PROVIDED DATA ::
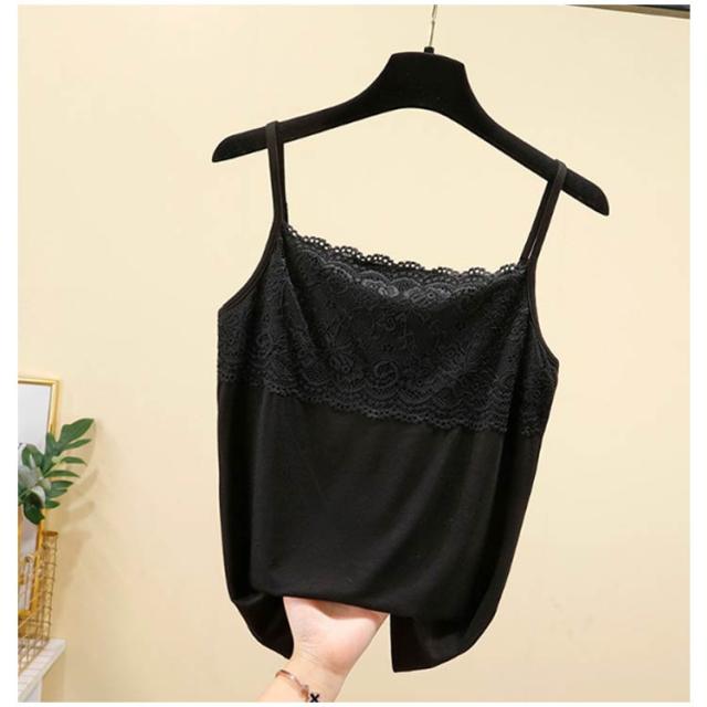 タンクトップ 胸元レースキャミソール レディース インナー レース キャミソール インナー 伸縮性 重ね着 吸汗 無地 タンクトップ 【2枚セット】 柔らかい オシャレ おしゃれ インナー 肌着 アンダーウェア 着痩せ 部屋着 下着 ブラック 白
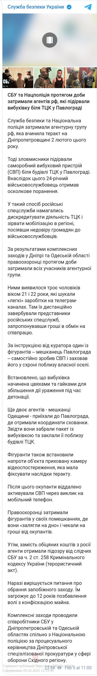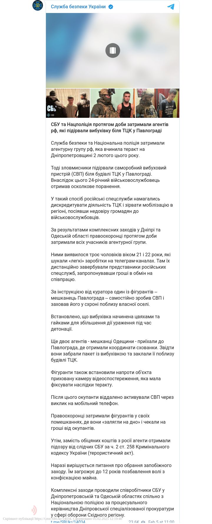 «Ними виявилися троє чоловіків віком 21 та 22 років, які шукали «легкі» заробітки у Telegram-каналах. Там їх дистанційно завербували представники російських спецслужб, запропонувавши гроші в обмін на співпрацю. За інструкцією від куратора один із фігурантів ‒ мешканець Павлограда ‒ самостійно зробив СВП і заховав його у схроні поблизу власної оселі. Встановлено, що вибухівка начинена цвяхами та гайками для збільшення дії ураження під час детонації. Ще двоє агентів – мешканці Одещини – приїхали до Павлограда, де отримали координати схованки. Звідти вони забрали пакет із вибухівкою та заклали її поблизу будівлі ТЦК», – розповіли у СБУ.
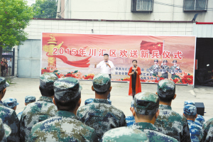 本报讯 9月10日上午,川汇区人武部门前歌舞不断、热闹非凡。为了欢送今年应征入伍的新兵,川汇区委宣传部、区文化局联合举办2015年川汇区欢送新兵仪式,为其奉上一场精彩的文艺演出(如图)。
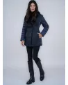 The sleeves and sides are made of quilted textile, creating a lightweight look and increasing comfort. Additional down insulation on the sleeves guarantees protection from the cold, even in low temperatures. The model fastens with snaps and features two practical welt pockets. At 75 cm long, the coat is perfect for both everyday styling and more elegant ensembles.

WORK INSTRUCTIONS :: Transcribe all of the material exactly, leaving out whatever pictures it contains.

RESPONSE TO THE EXERCISE ::
 タンクトップ 胸元レースキャミソール レディース インナー レース キャミソール インナー 伸縮性 重ね着 吸汗 無地 タンクトップ 【2枚セット】 柔らかい オシャレ おしゃれ インナー 肌着 アンダーウェア 着痩せ 部屋着 下着 ブラック 白
 «Ними виявилися троє чоловіків віком 21 та 22 років, які шукали «легкі» заробітки у Telegram-каналах. Там їх дистанційно завербували представники російських спецслужб, запропонувавши гроші в обмін на співпрацю. За інструкцією від куратора один із фігурантів ‒ мешканець Павлограда ‒ самостійно зробив СВП і заховав його у схроні поблизу власної оселі. Встановлено, що вибухівка начинена цвяхами та гайками для збільшення дії ураження під час детонації. Ще двоє агентів – мешканці Одещини – приїхали до Павлограда, де отримали координати схованки. Звідти вони забрали пакет із вибухівкою та заклали її поблизу будівлі ТЦК», – розповіли у СБУ.
 本报讯 9月10日上午,川汇区人武部门前歌舞不断、热闹非凡。为了欢送今年应征入伍的新兵,川汇区委宣传部、区文化局联合举办2015年川汇区欢送新兵仪式,为其奉上一场精彩的文艺演出(如图)。
 The sleeves and sides are made of quilted textile, creating a lightweight look and increasing comfort. Additional down insulation on the sleeves guarantees protection from the cold, even in low temperatures. The model fastens with snaps and features two practical welt pockets. At 75 cm long, the coat is perfect for both everyday styling and more elegant ensembles.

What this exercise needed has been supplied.